**Work to complete**
Give back, exactly as written, the lines from the first line of the data below through the line with "Now, I don’t", and omit the pictures.

**Saved entries**
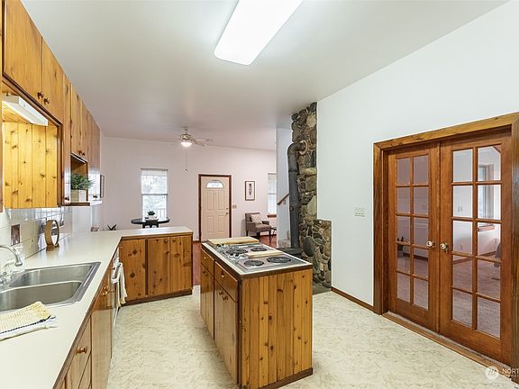 This private setting 2 bd 2 bath 1920's farmhouse style home located on a dead end street is ideal for a buyer looking for a slower pace. This move in ready home is on 2 acres with mature fruit trees including pears, apples, cherries, grapes, hops and more. The home features a primary bedroom with ensuite bathroom and an area that is already plumbed to add a wet bar, brand new roof, fresh interior paint, cozy wood stove, 2 carports, RV parking, a detached barn/shop space and is wired for a generator. The large wrap around deck is perfect for outside dinners, quiet reading and enjoying the magical sunsets. A perfect place to call home!
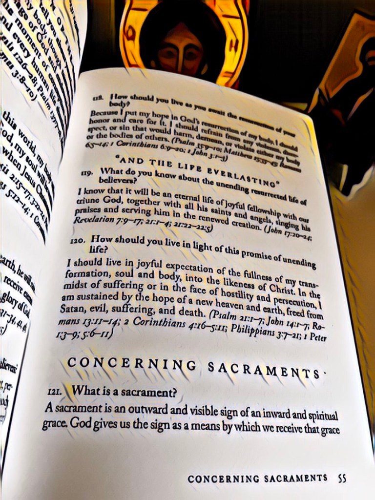 Now, I don’t want to make too much of the precise language used her, but I do find it interesting. The work of God the Father in my creation is past tense: who created you. The work of Jesus Christ is past tense: who redeemed you. But the work of the Holy Spirit is present and continuing: who sanctifies you. The work of the Holy Spirit will be past tense, if ever at all, only with my last breath. Until then, my sanctification is the ongoing work of the Holy Spirit, and that is a comforting and encouraging thought.
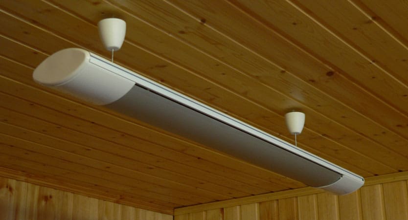 Les modèles de chauffage infrarouge se composent d'un émetteur et d'un réflecteur. L'élément chauffant est protégé par une grille pour éviter les brûlures. Les radiateurs infrarouges, comme les convecteurs, sont fixes et portables. Mais, contrairement aux convecteurs, un appareil infrarouge peut être accroché à la fois au mur et au plafond. Les radiateurs infrarouges sur pied peuvent être facilement déplacés, mais avec précaution, réorganisez-les d'un endroit à l'autre ou emportez-les avec vous dans le pays. De plus, les dimensions de ces appareils de chauffage sont un peu plus petites que celles des modèles à convecteurs. Lorsqu'il est allumé, vous ressentirez immédiatement la chaleur qui restera dans la pièce pendant un certain temps, même après avoir éteint l'appareil.
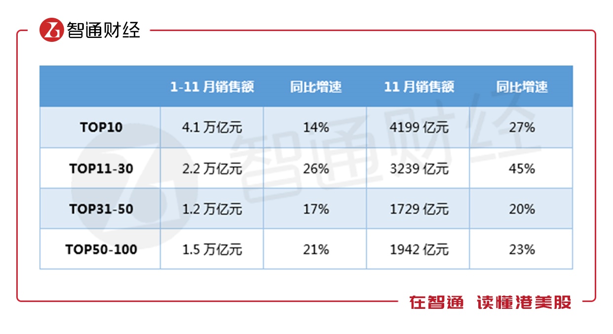 分梯队来看,房企销售额实现全面增长,其中又以第二梯队的中等规模房企增速最为亮眼。智通财经APP了解到,从1-11月累计销售金额排名来看,top10、top11-30、top31-50、top51-100销售金额分别为4.1、2.2、1.2、1.5万亿元,分别实现同比增长14%、26%、17%、21%。而11月单月销售情况方面,top10、top11-30、top31-50、top51-100销售金额分别4199、3239、1729、1942亿元,同比增长分别达到27%、+45%、+20%、+23%。其中top11-30的二梯队房企,无论是总金额26%的增速还是单月45%的同比增速,均是各梯队房企中遥遥领先的,而top10的头部房企11月份27%的同比增速已升至第二,有加速提升的态势。
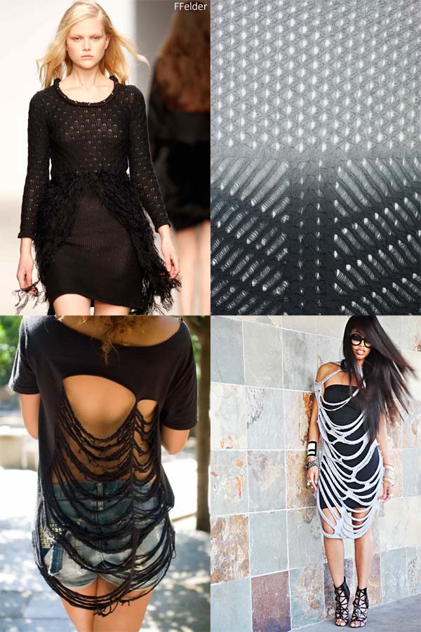 Há algum tempo, quando a moda pegou o punk, o grunge e o militarismo como fortes fontes de inspiração, muito se viu por aí peças rasgadas, puídas, furadas e desfiadas. E não é que tal tendência “desleixada” de tecidos volta à moda? Só que dessa vez ela não representa mais literalmente os estilos citados acima, podendo fazer parte de peças coringas sem receber rótulos de tribos urbanas.
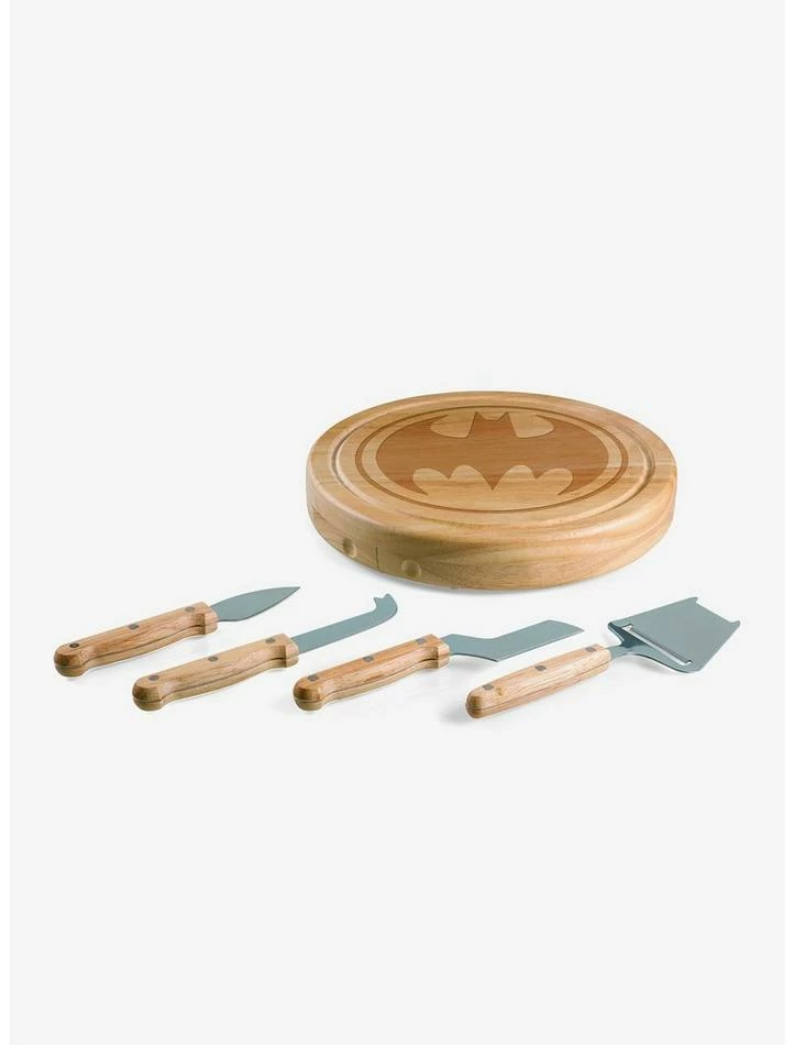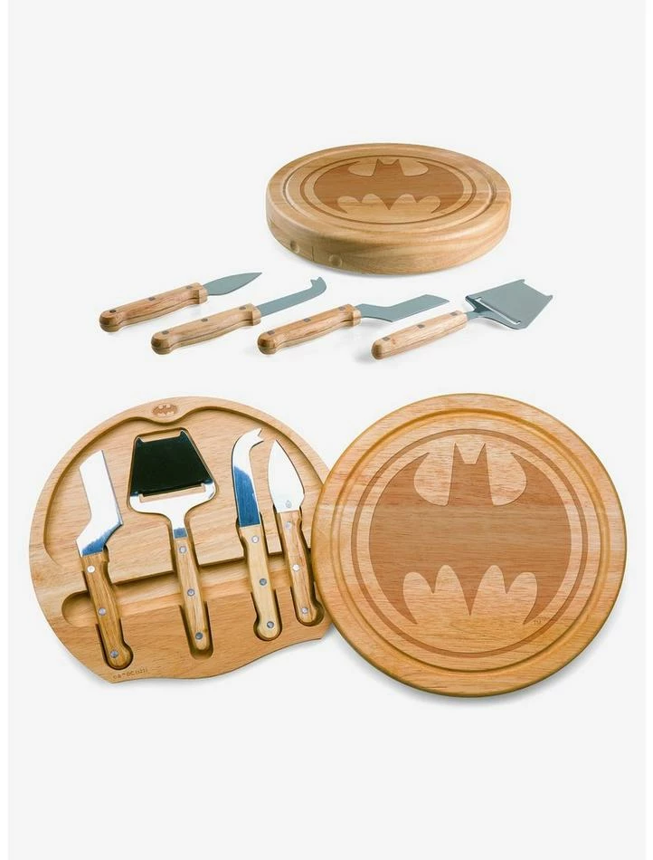 When it comes to cheese-related crime, Batman’s your guy. The Bat Signal Circo Cheese Cutting Board & Tools Set makes attractive use of limited space with a split-level wood cutting/charcuterie board and interior cheese set. Made from durable and stylish acacia wood, this cheese board’s cutting surface swivels open (major Batmobile vibes!) to reveal four brushed stainless steel cheese tools including: one cheese cleaver (for crumbly cheeses), one cheese planer (for semi-hard to hard cheese slices), one fork-tipped cheese knife, and one hard cheese knife/spreader. This unique wood cutting board set also features a recessed juice groove to catch cheese brine or juice from cut fruit.

**Expected output**
 This private setting 2 bd 2 bath 1920's farmhouse style home located on a dead end street is ideal for a buyer looking for a slower pace. This move in ready home is on 2 acres with mature fruit trees including pears, apples, cherries, grapes, hops and more. The home features a primary bedroom with ensuite bathroom and an area that is already plumbed to add a wet bar, brand new roof, fresh interior paint, cozy wood stove, 2 carports, RV parking, a detached barn/shop space and is wired for a generator. The large wrap around deck is perfect for outside dinners, quiet reading and enjoying the magical sunsets. A perfect place to call home!
 Now, I don’t want to make too much of the precise language used her, but I do find it interesting. The work of God the Father in my creation is past tense: who created you. The work of Jesus Christ is past tense: who redeemed you. But the work of the Holy Spirit is present and continuing: who sanctifies you. The work of the Holy Spirit will be past tense, if ever at all, only with my last breath. Until then, my sanctification is the ongoing work of the Holy Spirit, and that is a comforting and encouraging thought.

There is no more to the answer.